Do garoto da periferia de São Paulo que pichava muros de forma clandestina, você se tornou um dos maiores muralistas da atualidade. Como você vê a sua trajetória, desde os seus primeiros passos, até o reconhecimento que tem hoje no Brasil e no exterior?

É um reconhecimento fruto de superação e dedicação. Eu acordo todos os dias desempregado, o desafio de hoje é outro, mas continuo com a mesma motivação e persistência de quando comecei. Eu acho que a arte possibilita tudo isso e me deu a oportunidade de conhecer culturas, países e histórias. Eu, quando menino, jamais imaginava que algo do tipo pudesse ocorrer, mas o que eu sabia era que eu não ia desistir. Não há nada de glamour, o que há é busca por inspiração, qualidade, evolução, pesquisa, história e dar o melhor de si, sempre. Eu me sinto muito feliz e realizado por todas essas coisas estarem acontecendo. Eu tive a oportunidade de ter um livro, agora vou ter um filme, são presentes de Deus.
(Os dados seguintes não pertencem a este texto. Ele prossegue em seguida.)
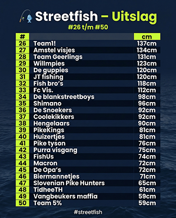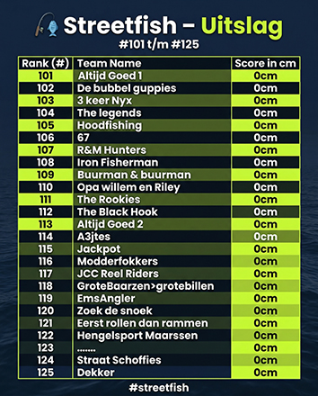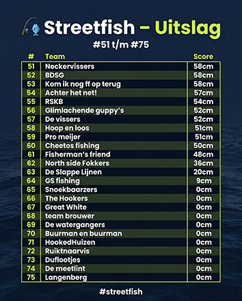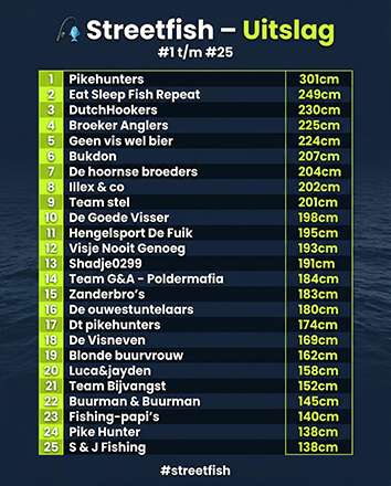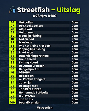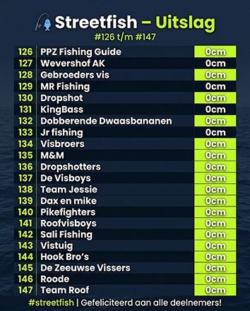 Namens Rien de Wolf Hengelsport: superbedankt voor jullie deelname aan de Streetfishing wedstrijd. We hopen dat jullie een topdag hebben gehad—mooie aanbeten, goede vibes langs de kant en (voor sommigen) nét die ene vis waar je de rest van de week over blijft opscheppen.

Você já pintou o rosto de diversas pessoas nos muros de vários lugares do mundo. Entre as pessoas retratadas, qual das reações mais te tocou e qual mais te surpreendeu?

Provavelmente foi um mural que eu fiz na Holanda, em 2016. Todos os trabalhos que eu faço são uma imersão. Quando eu estive na Índia, visitei os museus relacionados ao Mahatma Gandhi. A mesma coisa foi com o Martin Luther King Jr , nos EUA, o Nelson Mandela (1918-2013), enfim. Mas acho que o mural da Holanda me tocou porque lá fizeram a proposta de eu pintar o filósofo Baruch Spinoza (1632-1677). Eu não tinha conhecimento sobre ele e não podia simplesmente pintá-lo porque eu não faço nada do qual não esteja envolvido. Daí quando estudei a história de Spinoza, eu percebi que os princípios que ele acreditava eram muito diferentes dos meus, como os princípios judaicos, por exemplo. Eu acabei me recusando a fazer este mural que todos, desde as autoridades e até a própria cidade, queriam que eu fizesse. Eu trouxe a proposta de pintar Anne Frank  Foi uma luta porque todos foram contrários no primeiro momento, até a própria Casa Anne Frank. Após muita conversa e negociação sobre a relevância da história dela, todos autorizaram, o mural foi realizado e transformou-se em um marco na minha história. Eu estive no Museu do Holocausto, em Israel, é uma história que comove a todos nós. Eu chorei muito lá.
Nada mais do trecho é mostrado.